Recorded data

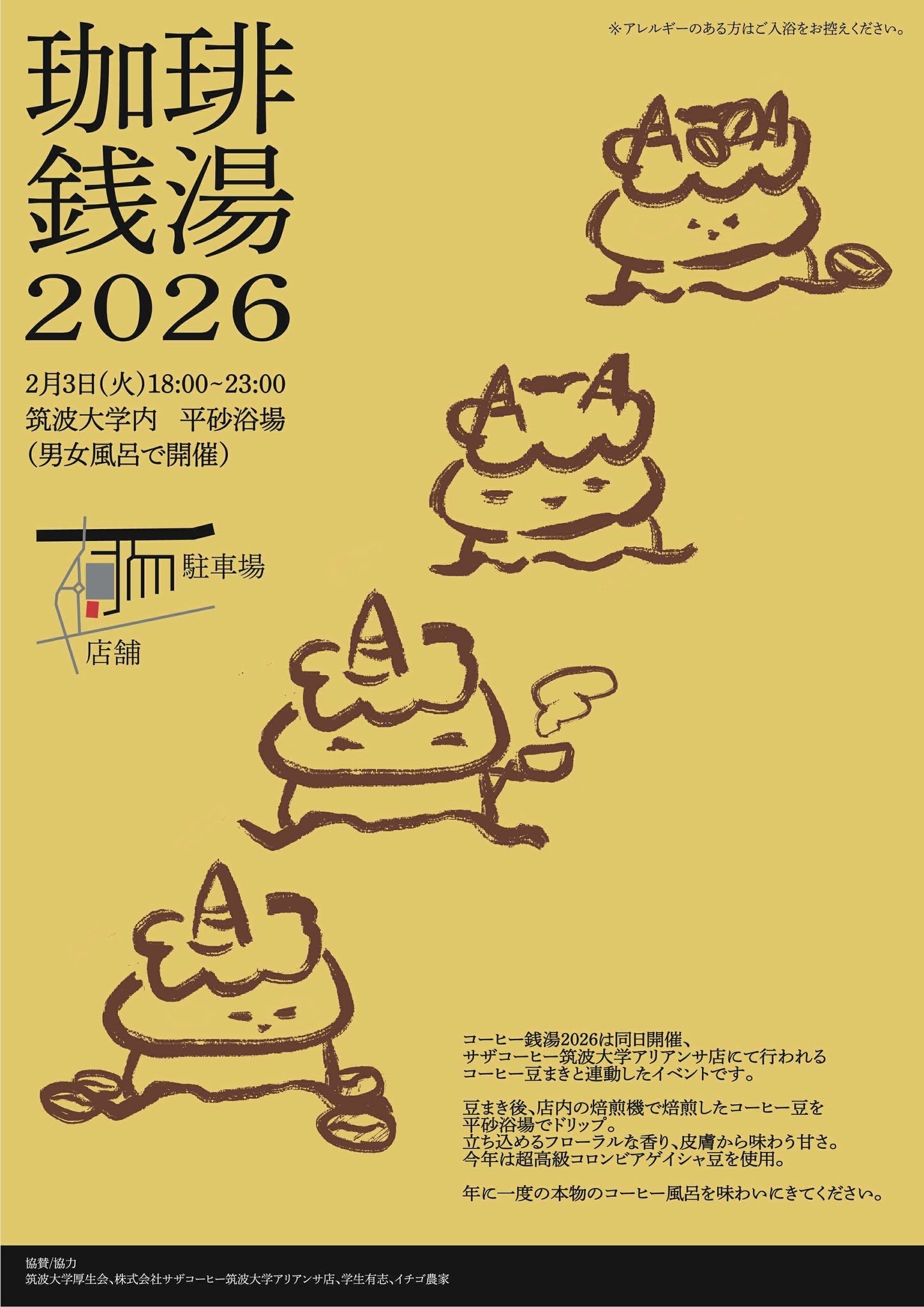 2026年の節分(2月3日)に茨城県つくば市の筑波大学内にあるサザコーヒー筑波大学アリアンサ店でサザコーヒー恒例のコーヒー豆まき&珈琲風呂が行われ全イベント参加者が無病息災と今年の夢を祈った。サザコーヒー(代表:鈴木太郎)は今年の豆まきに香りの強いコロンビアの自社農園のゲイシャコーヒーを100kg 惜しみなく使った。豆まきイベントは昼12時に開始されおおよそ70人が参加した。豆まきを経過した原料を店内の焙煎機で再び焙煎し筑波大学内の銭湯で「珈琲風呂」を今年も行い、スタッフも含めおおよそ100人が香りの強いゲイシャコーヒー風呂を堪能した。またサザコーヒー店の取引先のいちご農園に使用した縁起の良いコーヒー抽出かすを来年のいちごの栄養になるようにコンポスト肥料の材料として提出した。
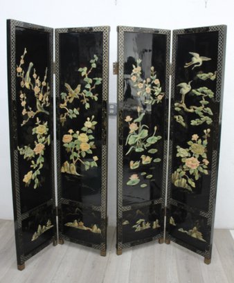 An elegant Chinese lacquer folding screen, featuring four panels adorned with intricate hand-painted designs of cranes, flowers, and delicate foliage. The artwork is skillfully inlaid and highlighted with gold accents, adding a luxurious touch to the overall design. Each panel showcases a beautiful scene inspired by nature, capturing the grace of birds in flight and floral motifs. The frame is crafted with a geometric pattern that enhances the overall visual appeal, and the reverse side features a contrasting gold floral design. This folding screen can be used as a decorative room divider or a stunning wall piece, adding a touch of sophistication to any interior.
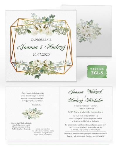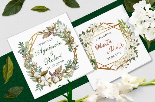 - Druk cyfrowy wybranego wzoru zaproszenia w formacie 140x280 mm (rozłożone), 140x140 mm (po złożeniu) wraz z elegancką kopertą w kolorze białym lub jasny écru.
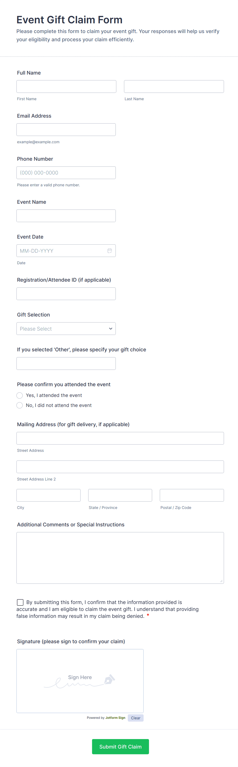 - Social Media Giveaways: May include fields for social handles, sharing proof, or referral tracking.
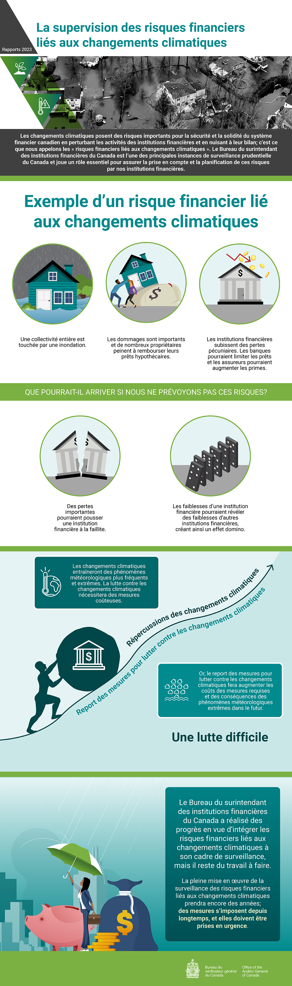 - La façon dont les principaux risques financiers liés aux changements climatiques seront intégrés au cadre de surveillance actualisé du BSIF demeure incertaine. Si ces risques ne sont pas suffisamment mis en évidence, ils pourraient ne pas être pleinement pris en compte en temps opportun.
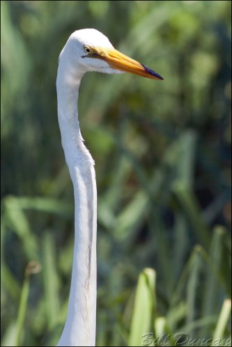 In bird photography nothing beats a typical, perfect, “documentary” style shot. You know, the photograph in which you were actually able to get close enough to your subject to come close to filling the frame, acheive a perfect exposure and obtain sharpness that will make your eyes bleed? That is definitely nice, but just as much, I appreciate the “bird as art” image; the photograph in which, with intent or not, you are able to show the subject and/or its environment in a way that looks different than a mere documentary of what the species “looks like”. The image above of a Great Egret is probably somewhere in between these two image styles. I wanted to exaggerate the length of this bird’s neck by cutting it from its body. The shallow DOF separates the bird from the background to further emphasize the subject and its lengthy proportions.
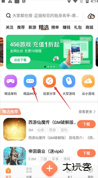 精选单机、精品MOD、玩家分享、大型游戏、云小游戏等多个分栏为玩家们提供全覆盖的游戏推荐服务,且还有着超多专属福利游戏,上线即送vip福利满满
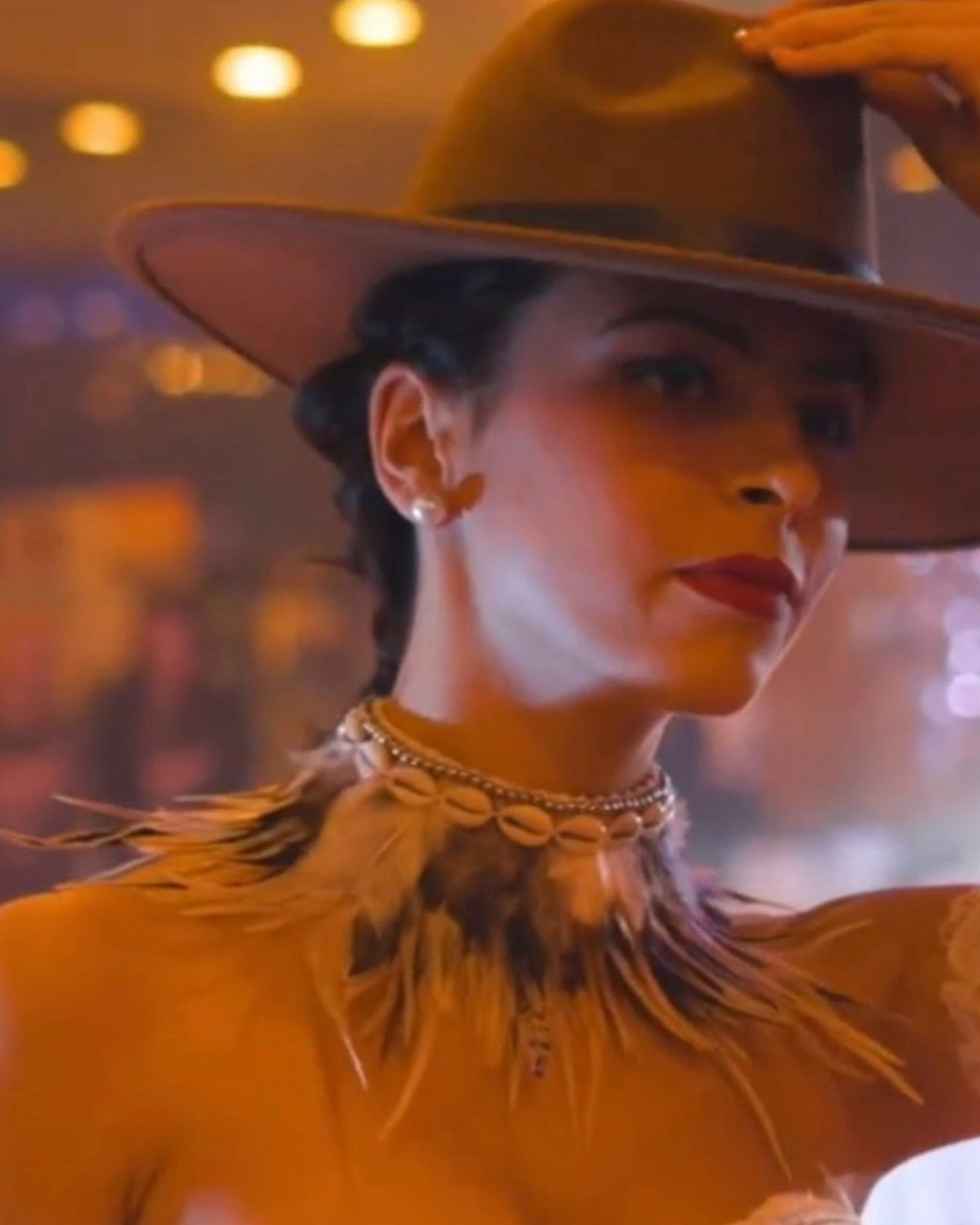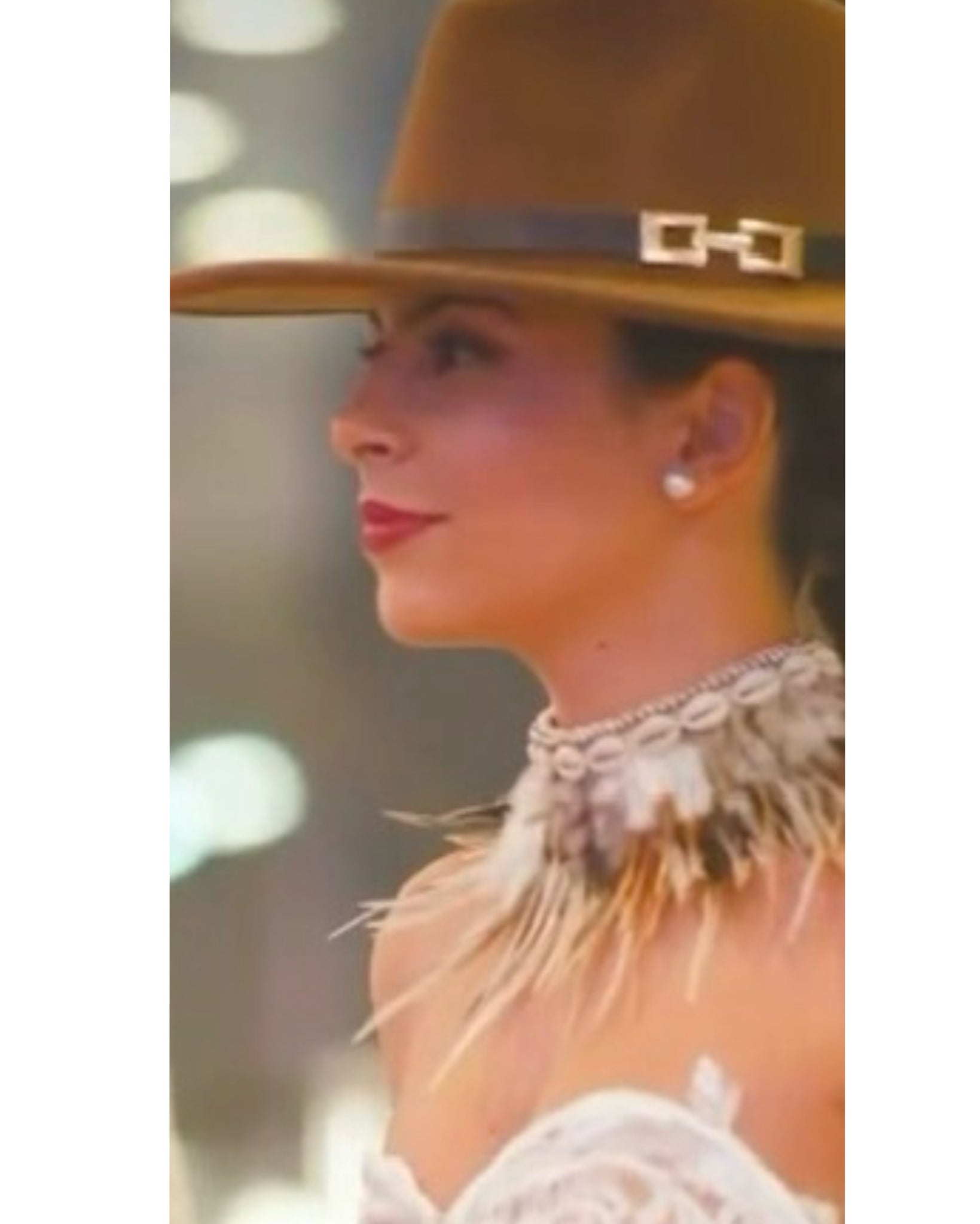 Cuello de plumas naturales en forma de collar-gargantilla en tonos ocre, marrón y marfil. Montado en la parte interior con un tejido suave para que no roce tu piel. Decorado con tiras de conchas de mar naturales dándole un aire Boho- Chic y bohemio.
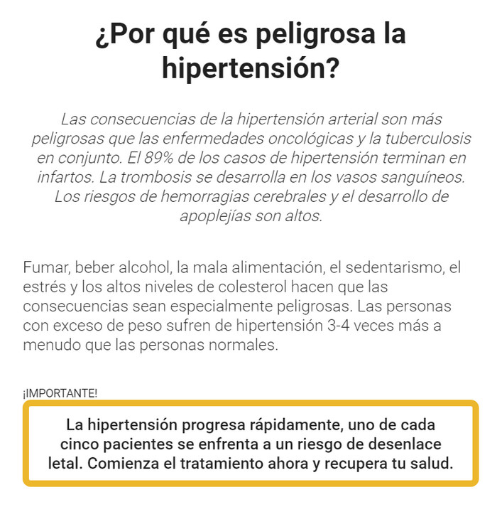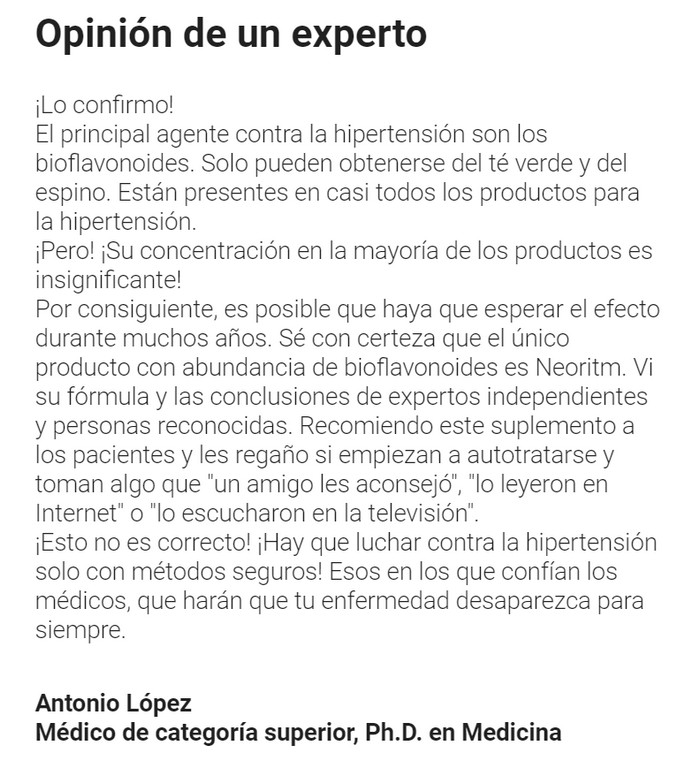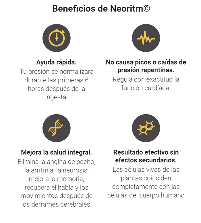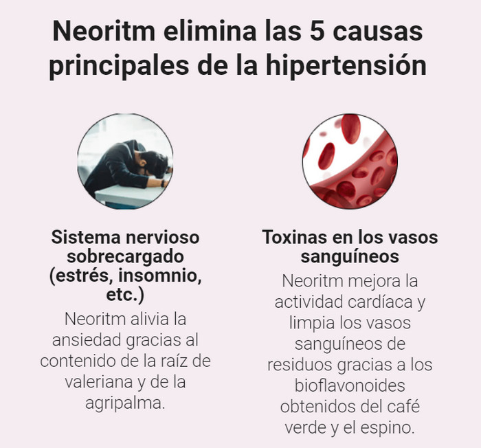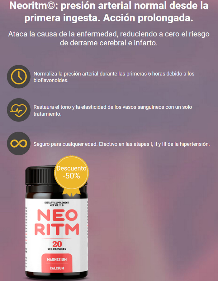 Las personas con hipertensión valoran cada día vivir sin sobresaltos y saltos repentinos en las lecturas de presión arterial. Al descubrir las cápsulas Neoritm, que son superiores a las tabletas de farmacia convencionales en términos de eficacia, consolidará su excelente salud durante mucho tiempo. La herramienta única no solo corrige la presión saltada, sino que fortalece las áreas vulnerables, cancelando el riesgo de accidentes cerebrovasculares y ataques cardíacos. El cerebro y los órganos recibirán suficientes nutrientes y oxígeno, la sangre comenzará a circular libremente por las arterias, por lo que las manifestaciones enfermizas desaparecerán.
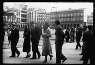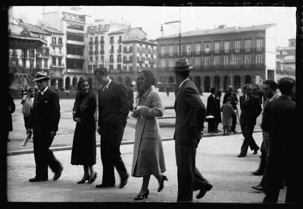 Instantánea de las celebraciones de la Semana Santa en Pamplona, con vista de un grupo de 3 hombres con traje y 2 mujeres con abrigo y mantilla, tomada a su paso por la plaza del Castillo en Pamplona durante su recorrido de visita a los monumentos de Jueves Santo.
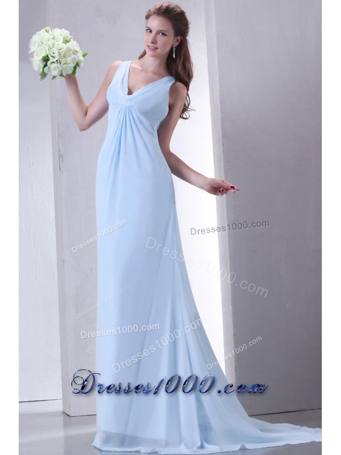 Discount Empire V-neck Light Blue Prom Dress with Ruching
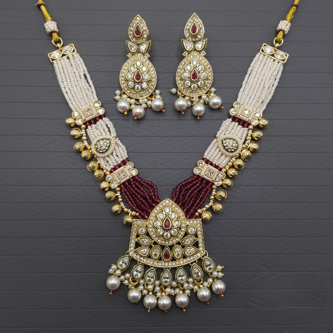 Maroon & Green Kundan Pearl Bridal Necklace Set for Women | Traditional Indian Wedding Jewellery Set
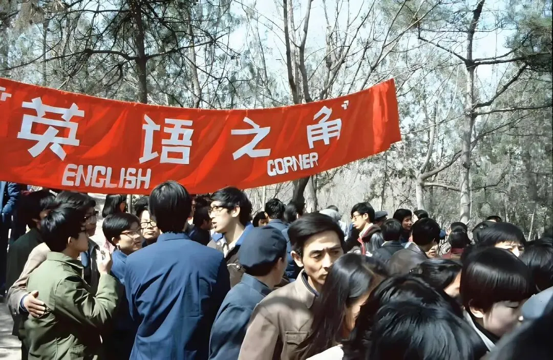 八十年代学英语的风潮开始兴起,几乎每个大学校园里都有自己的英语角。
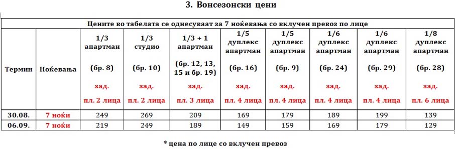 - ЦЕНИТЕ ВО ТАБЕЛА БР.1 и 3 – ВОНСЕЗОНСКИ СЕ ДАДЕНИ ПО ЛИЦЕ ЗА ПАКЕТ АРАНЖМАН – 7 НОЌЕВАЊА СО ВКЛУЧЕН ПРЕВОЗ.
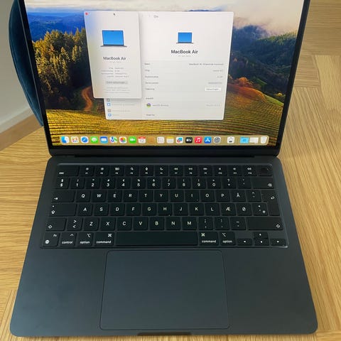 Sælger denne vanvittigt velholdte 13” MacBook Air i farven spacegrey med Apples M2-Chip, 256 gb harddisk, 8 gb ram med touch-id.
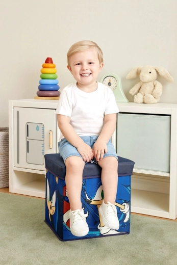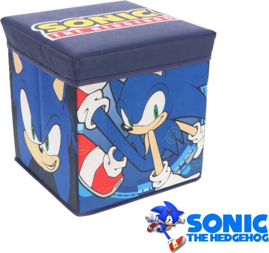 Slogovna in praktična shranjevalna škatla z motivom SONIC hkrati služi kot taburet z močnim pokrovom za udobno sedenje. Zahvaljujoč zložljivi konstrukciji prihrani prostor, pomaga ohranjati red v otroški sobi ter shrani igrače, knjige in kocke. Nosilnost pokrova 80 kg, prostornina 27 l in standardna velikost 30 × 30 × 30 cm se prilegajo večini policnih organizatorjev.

WHAT IS REQUIRED
The copy must begin at the line containing "Discount Empire V-neck" and end at the last line of the data above, with every line retyped exactly and no pictures included.

ANSWER TO THIS PROBLEM
 Discount Empire V-neck Light Blue Prom Dress with Ruching
 Maroon & Green Kundan Pearl Bridal Necklace Set for Women | Traditional Indian Wedding Jewellery Set
 八十年代学英语的风潮开始兴起,几乎每个大学校园里都有自己的英语角。
 - ЦЕНИТЕ ВО ТАБЕЛА БР.1 и 3 – ВОНСЕЗОНСКИ СЕ ДАДЕНИ ПО ЛИЦЕ ЗА ПАКЕТ АРАНЖМАН – 7 НОЌЕВАЊА СО ВКЛУЧЕН ПРЕВОЗ.
 Sælger denne vanvittigt velholdte 13” MacBook Air i farven spacegrey med Apples M2-Chip, 256 gb harddisk, 8 gb ram med touch-id.
 Slogovna in praktična shranjevalna škatla z motivom SONIC hkrati služi kot taburet z močnim pokrovom za udobno sedenje. Zahvaljujoč zložljivi konstrukciji prihrani prostor, pomaga ohranjati red v otroški sobi ter shrani igrače, knjige in kocke. Nosilnost pokrova 80 kg, prostornina 27 l in standardna velikost 30 × 30 × 30 cm se prilegajo večini policnih organizatorjev.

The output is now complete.